I meet the same problem.
I tried to extract the rotational kinetic energy of a single water molecule in protein solutions.
Surprisingly, the rotational kinetic energy at some moment is negative, as shown below.

Command line:
gmx traj -s md_water1.tpr -f md0_100ps.trr -n water1.ndx -ov water1_V.xvg -ekr water1_EKR.xvg -ekt water1_EKT.xvg
gmx traj is part of G R O M A C S:

GROwing Monsters And Cloning Shrimps

@ title “Center of mass rotation”
@ xaxis label "Time (ps)"
@ yaxis label "Energy (kJ mol\S-1\N)"
@TYPE xy
@ view 0.15, 0.15, 0.75, 0.85
@ legend on
@ legend box on
@ legend loctype view
@ legend 0.78, 0.8
@ legend length 2
@ s0 legend “r_130”
0 2.52655
0.8 5.94535
1.6 0.908079
2.4 5.10452
3.2 23.8468
4 -6.76135
4.8 0.725384
5.6 3.57106
6.4 -2.08162
7.2 0.285385
8 5.13313
8.8 6.86377
9.6 -0.0344337
10.4 1.16367
11.2 0.318203
12 -0.0536116
12.8 2.48021
13.6 -6.42674
14.4 -4.91415
15.2 -3.47536
16 1.94549
16.8 -257.257
17.6 53.4847
18.4 1.48988
19.2 4.78093
20 -0.77453

I also checked the translational kinetic energy and it is just fine.
Do you have any idea about that?
Many thanks.

10

Hi @gongrehk

Thanks for asking.
No, I haven’t.
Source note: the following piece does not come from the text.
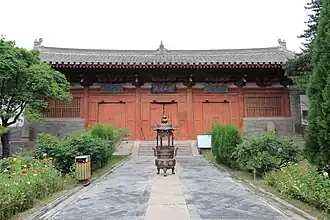 На северной стороне храма находится зал Манджушри (кит. 文殊殿)[1]. Он был построен в 1137 году, во времена империи Цзинь, и имеет примерно тот же размер, что и восточный зал. Он построен на фундаменте высотой 83 см, имеет спереди три двери и одну центральную заднюю дверь. Внутри зала имеются только четыре опорных колонны. Для поддержки большой двускатной крыши используются диагональные балки[19]. На каждой из четырех стен имеются фрески с архатами, изображенными в 1429 году, во времена империи Мин[1][20].
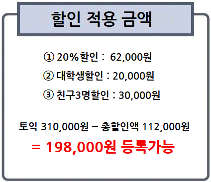나. 친구 3인, 동시 등록시, 각각 3만원 할인

I pivoted my project and had stopped pursuing this direction further.
I did try to look into the source code, but to no avail.
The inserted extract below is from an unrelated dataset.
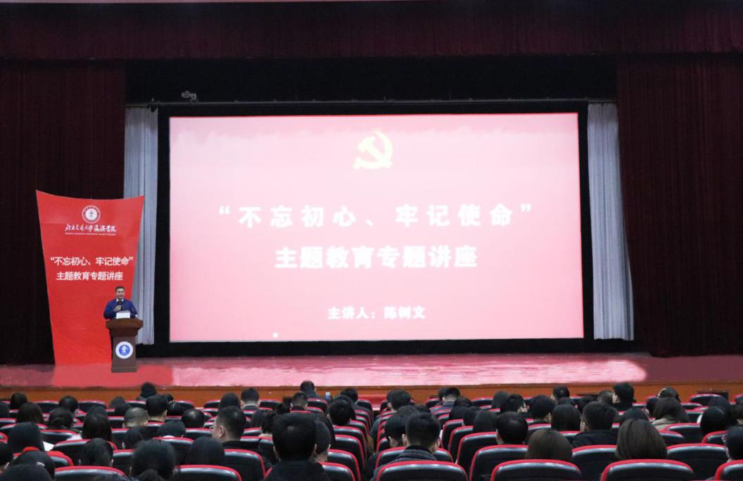 11月21日下午4:10,sunbet官网在天佑会堂举办“不忘初心、牢记使命”主题教育专题讲座,北京交通大学马克思主义学院教授,博士生导师,sunbet官网基础教学部思政教研室主任陈树文受邀开展了题为《不忘初心、牢记使命—坚定理想信念》的讲座。党委副书记魏炜出席本次讲座,全体教职工党员、教职工入党积极分子参加了此次讲座,本次讲座由组织部部长任虹宇主持。

To obtain the rotational kinetic energy, perhaps you can try different version of GROMACS or use a different simulation package. Sorry I wish I could be of more help.

11

Hi @Er1ck

Thanks very much for your advice.
Perhaps I should try with a latest version of GROMACS first.

12

For future visitors to this topic, this bug has been fixed now (see here), and a correct version of gmx traj will be in 2023.3 and later versions.